Giving your baby too much milk is never a good idea. Logically, you might think this would decrease the amount of feeds you need to give them. However, in reality too much milk will simply make your baby sick and they could gain a lot of weight very quickly. If they don’t want to finish the bottle, don’t force them. They know how much milk they want so trust when they tell you they’ve had enough.
It’s estimated that by the time infants are one week of age, they’ll typically be asking for around 150-200ml of formula for every kg they weigh, per day. However, it’s worth noting that each baby is different so will require varying levels of milk. If you’re concerned about how much you should be feeding your little one, ask your doctor or pediatrician.

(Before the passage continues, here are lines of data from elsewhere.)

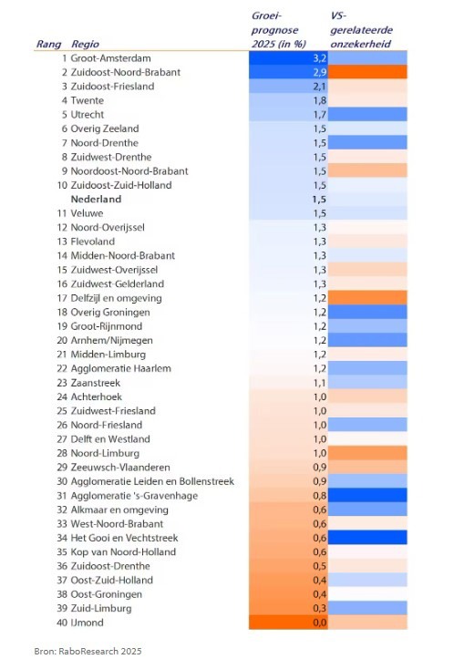 © RabobankGroot-Amsterdam en Brainport Eindhoven groeien het hardst in 2025
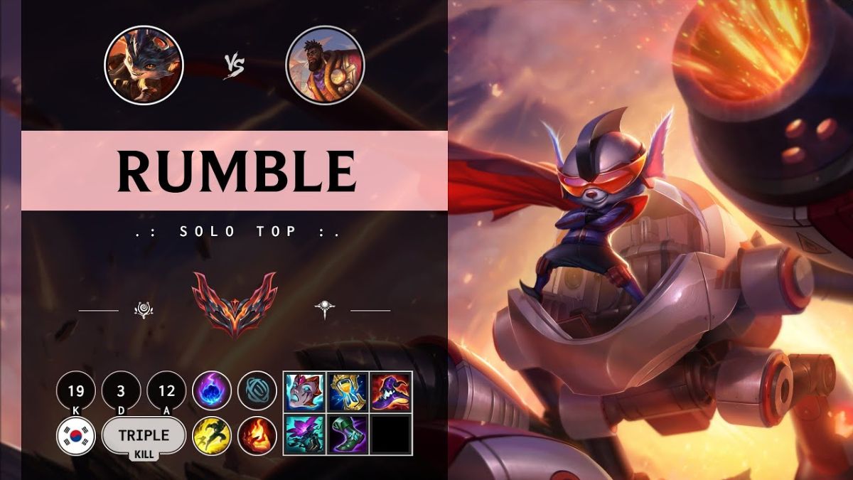 Rumble mạnh nhất ở đường Baron, nơi hắn có không gian dùng chiêu và ép góc hiệu quả. Một số trường hợp có thể chơi mid, nhưng tỉ lệ thắng thấp hơn do dễ bị gank và khó kiểm soát nhiệt.
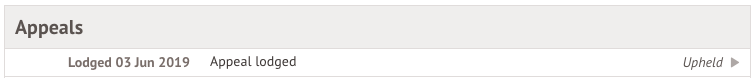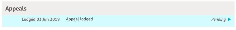 The bottom of the Application Overview page will then show the appeal as lodged and Pending.
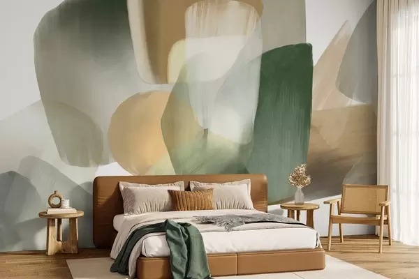 Papel tapiz Formas abstractas con textura en colores verde y beige apagados, con bordes suaves y capas superpuestas. Nr. w09642
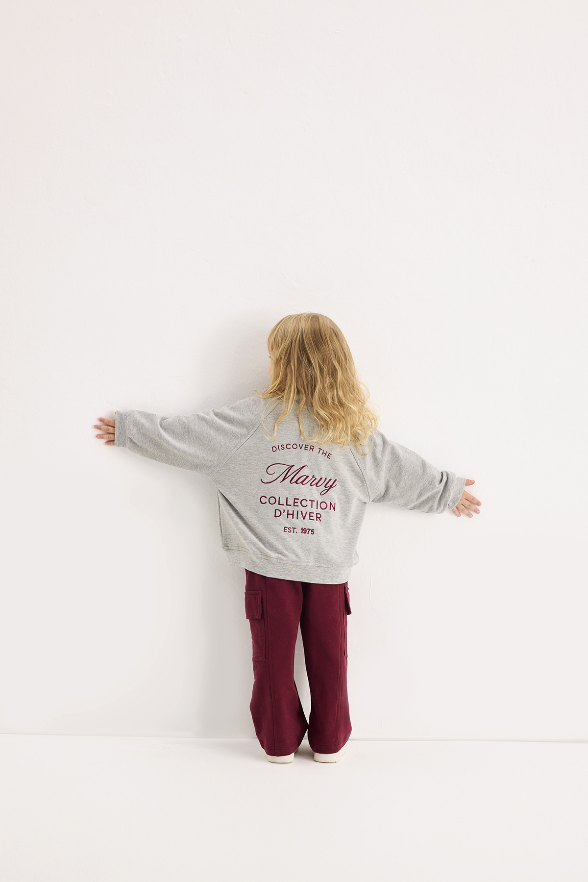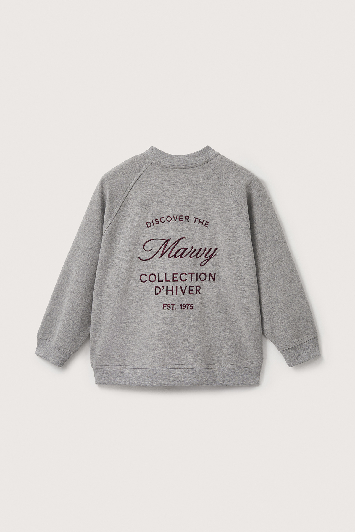 Gelince Haber VerGri melanj rengi reglan kollu önden çıt çıt kapamalı arkası ve önü nakış detaylı cepli likralı pamuk karışımlı kolej hırka.
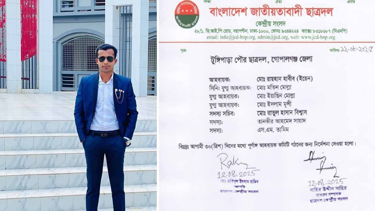 গোপালগঞ্জের টুঙ্গিপাড়ায় নিষিদ্ধ ছাত্রলীগ নেতা মো. রায়হান হাবীব ইয়েনকে টুঙ্গিপাড়া পৌর ছাত্রদলের আহ্বায়ক করে কমিটি ঘোষণা করা হয়েছে।
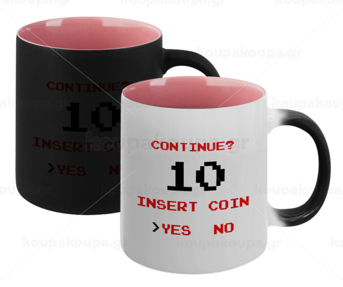 Continue? YES - NO, Κούπα Μαγική εσωτερικό ΡΟΖ, κεραμική 330ml που αλλάζει χρώμα με το ζεστό ρόφημα
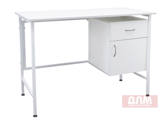 Стол снабжен подвесной тумбой с ящиком и створкой.
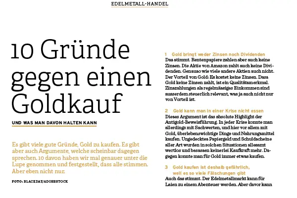Soll man vom Gold die Finger lassen? Zehn nicht ganz ernst gemeinte Gründe gegen einen Goldkauf. Und die Argumente vom Fachmann dazu.
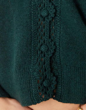 NC X TBCo Green Cable Knit Embroidered Wool Cardigan
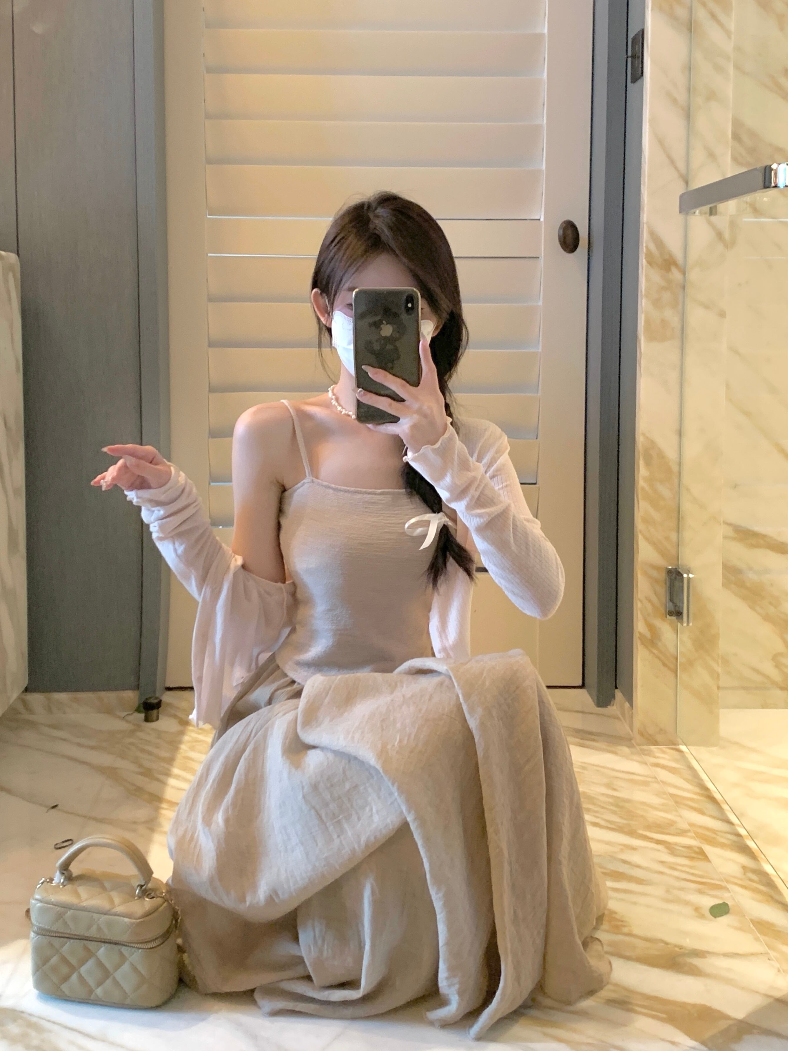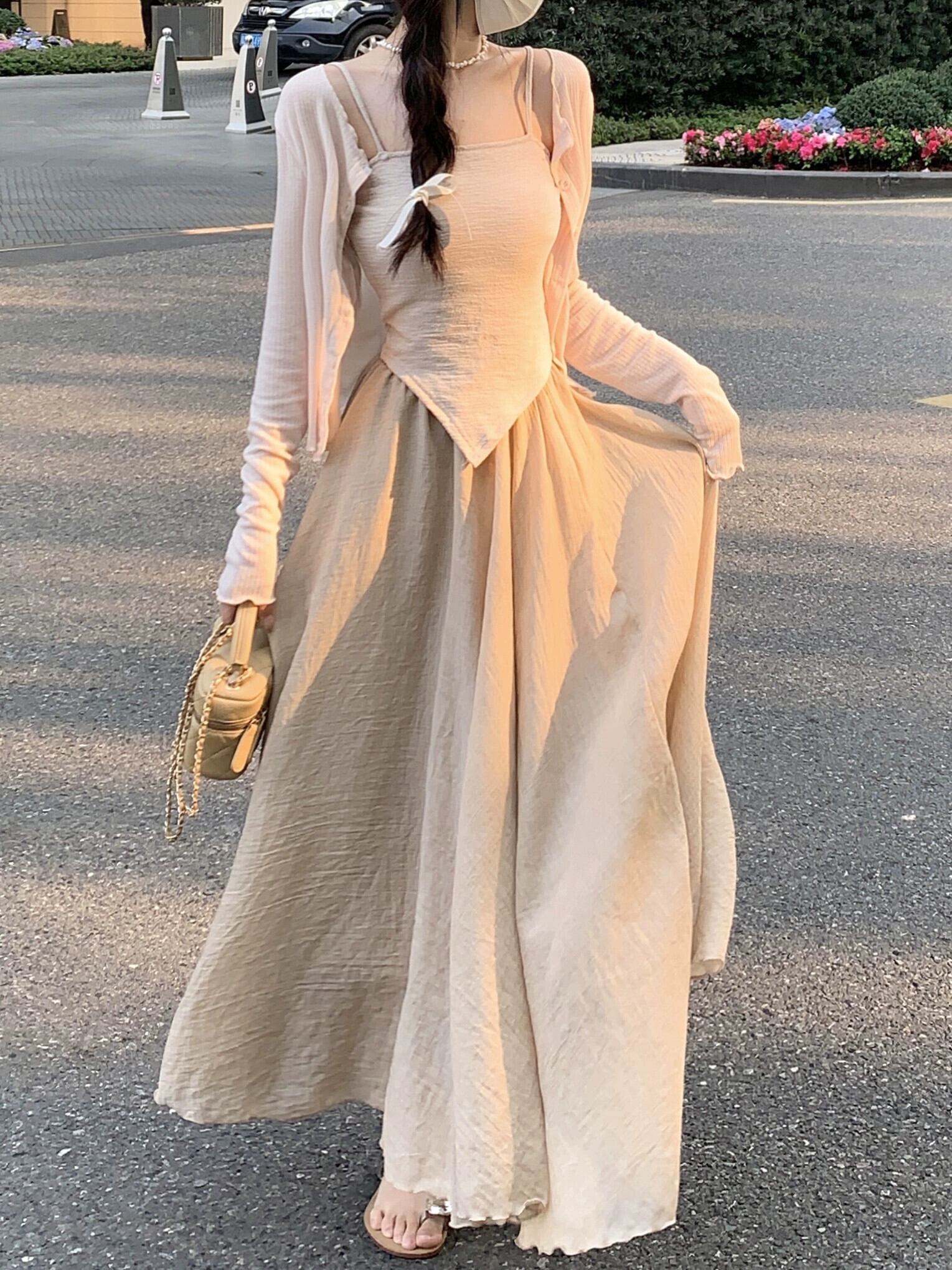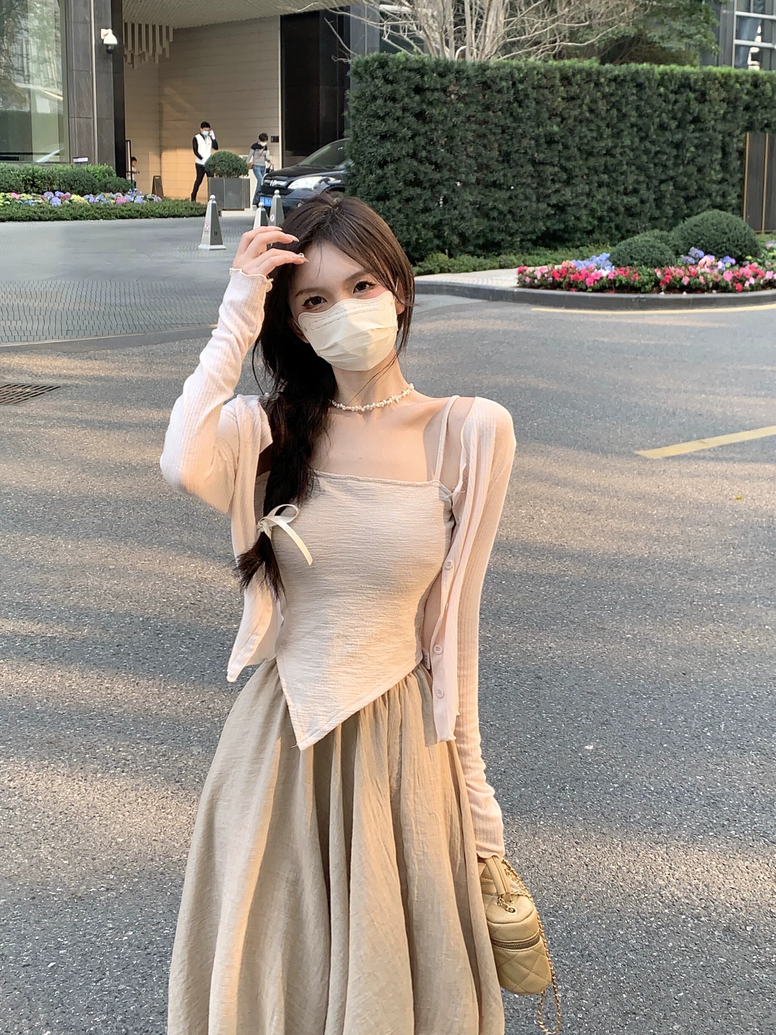色:ベージュカーディガン,グレーアーモンドタンクトップ,ミルクコーヒースカート
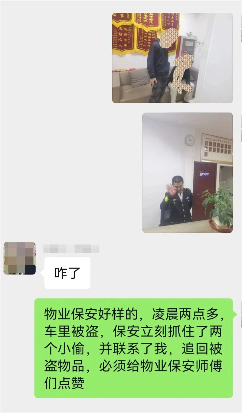 業主對物業保安及時阻止盜竊的舉動表示十分感謝,為鑫江物業保安工作點贊!
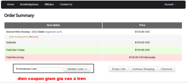 Sau khi điền coupon giảm giá: thì giá của gói host sẽ giảm xuống 1 nửa.
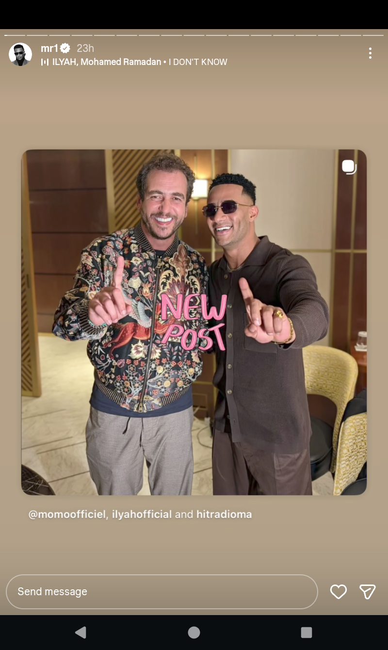 ونشر رمضان الصورة عبر صفحته على موقع التواصل الاجتماعي إنستجرام ، معلقا : رؤيتي لما اتمنى أن يسجله التاريخ باسمي بعد سنوات طويلة، متحدثًا عن طموحه في تحقيق العالمية دون التخلي عن جذوره، كما استعاد ذكرياته مع النجم الراحل عمر الشريف الذي شكل علامة فارقة في بداياته.
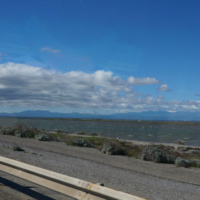 Die gestern noch so widerspenstige Schranke hat uns heute nach Eingabe des auf dem langen Zettel stehenden Codes ganz easy wieder rausgelassen und wir waren wieder “on the road”. Das Wetter war fabelhaft und wir hatten gute Sicht auf die Berge und die Dörfer links und rechts. Ich sah zum ersten mal so Leute die auf einem Brett stehend mit den Händen an nem Segel übers Wasser rasten. Das scheinte denen echt Spaß zu machen bei dem immer noch stark wehenden Wind.
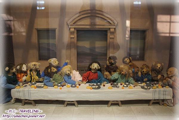最經典的兩幅,應屬達文西的〝最後的晚餐〞與大衛的〝拿破崙越阿爾卑斯山〞,不但耶穌、門人、拿破崙、軍隊全變成立體的泰迪熊,還會動態演出,活靈活現。
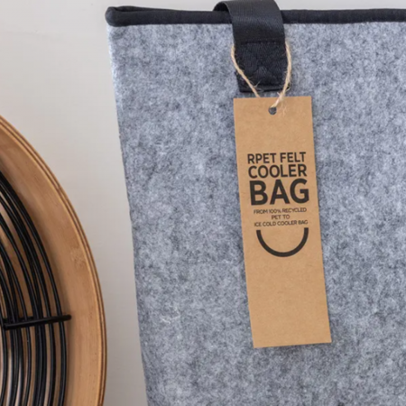 Una nevera portátil con un bonito diseño, fabricada con PET 100 % reciclado.
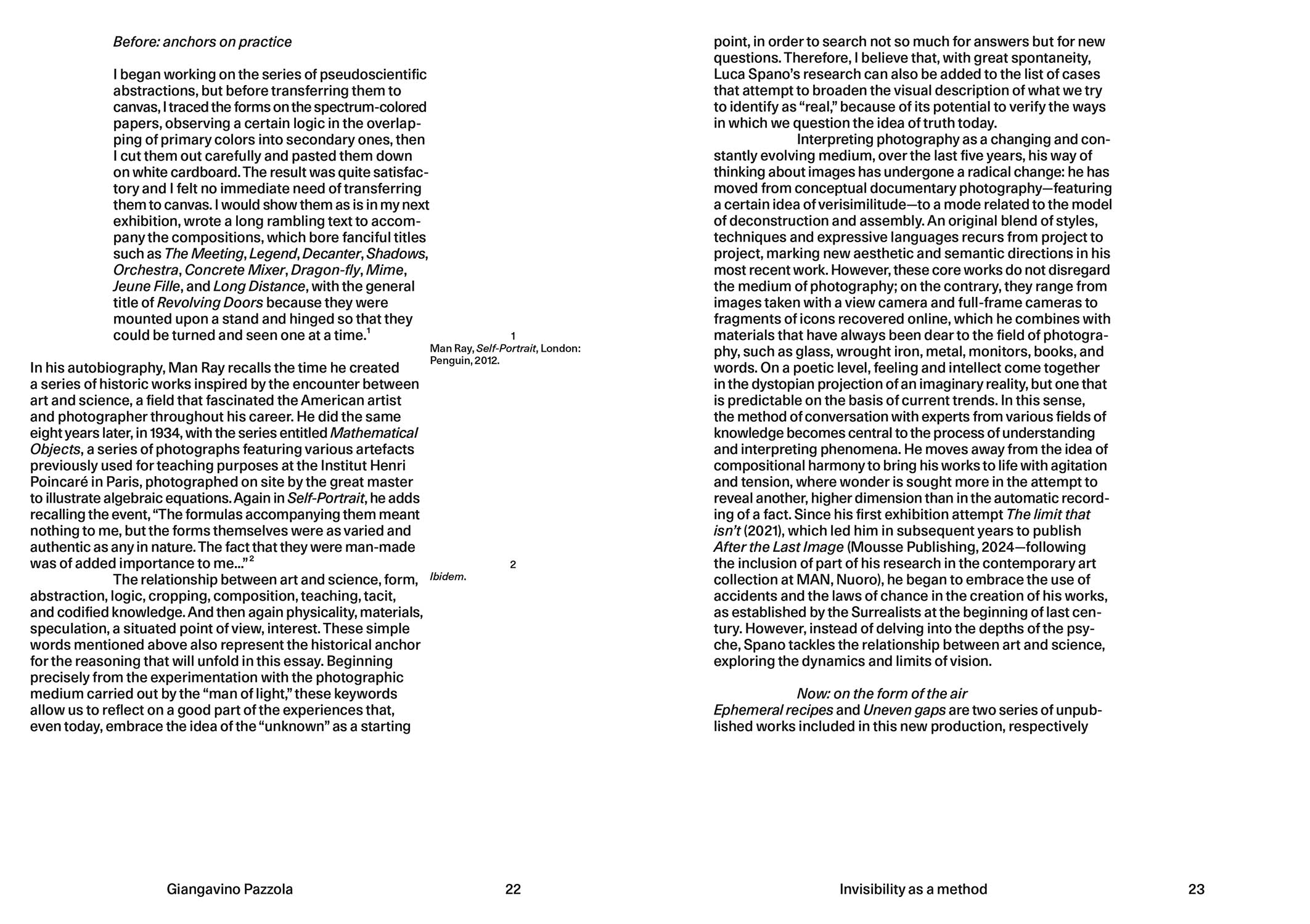 Basé sur l'exposition de Luca Spano « La forme de l'air » organisée à l'Institut culturel italien de Montréal, l'ouvrage rassemble des photographies réalisées par l'artiste en chambre noire ainsi que des objets, entre formes semi-abstraites évocatrices, réinterprétations de conversations tenues dans le cadre du programme BRaIN de l'Institut de Recherche du Centre universitaire de santé McGill, et inserts métalliques qui enrichissent la matérialité de l'installation en expérimentant les liens entre image, texte et surface. Le projet interroge les mécanismes de génération des images dans le cerveau humain, invitant à réfléchir à leurs formes possibles, tout en mettant en relation ce processus avec le logos en tant qu'élément central dans la construction de la connaissance du réel.

These are the most basic things you need to know about infant formula. Remember, if you have any concerns over feeding your little one formula, you can ask your doctor for advice. There is no evidence that one brand of formula is better than another. So choose whichever you feel most comfortable with and consider starting out with cow’s milk based formulas if you can.
I have read in another of your blogs that soy milk is not that good for our baby, even if it is a good alternative I will not use it for my baby. Since my wife cannot breastfeed I will probably give my baby a goat milk, I heard that this milk has a lot of nutrients and protect our child from allergies.
In some cases soy milk can be the right choice, in many cases it is not. I would always recommend talking with a pediatrician before making any decisions on alternative milk sources, especially if not using formula. Goat milk is closer to cow’s milk than human milk and is not recommended for consumption under the age of 6 months.
Taking some time to talk over your options with a pediatrician will help you decide the best option and avoid any potentially nasty side effects, as you well know it’s very important for them to get the proper nutrients, especially when they can’t get them from food yet. 🙂
Our baby was born through C section and the new mother did not lactate for two days. Therefore, for two days, we fed baby formula. Even when the new mother began to lactate, we had to continue feeding baby formula because the breast milk was never enough. After 25 days of delievery,we traveled to our farm where we have a dairy farm of our own. We began feeding cow milk to the baby. For the first six months, we only fed mother’s milk and cow’s milk.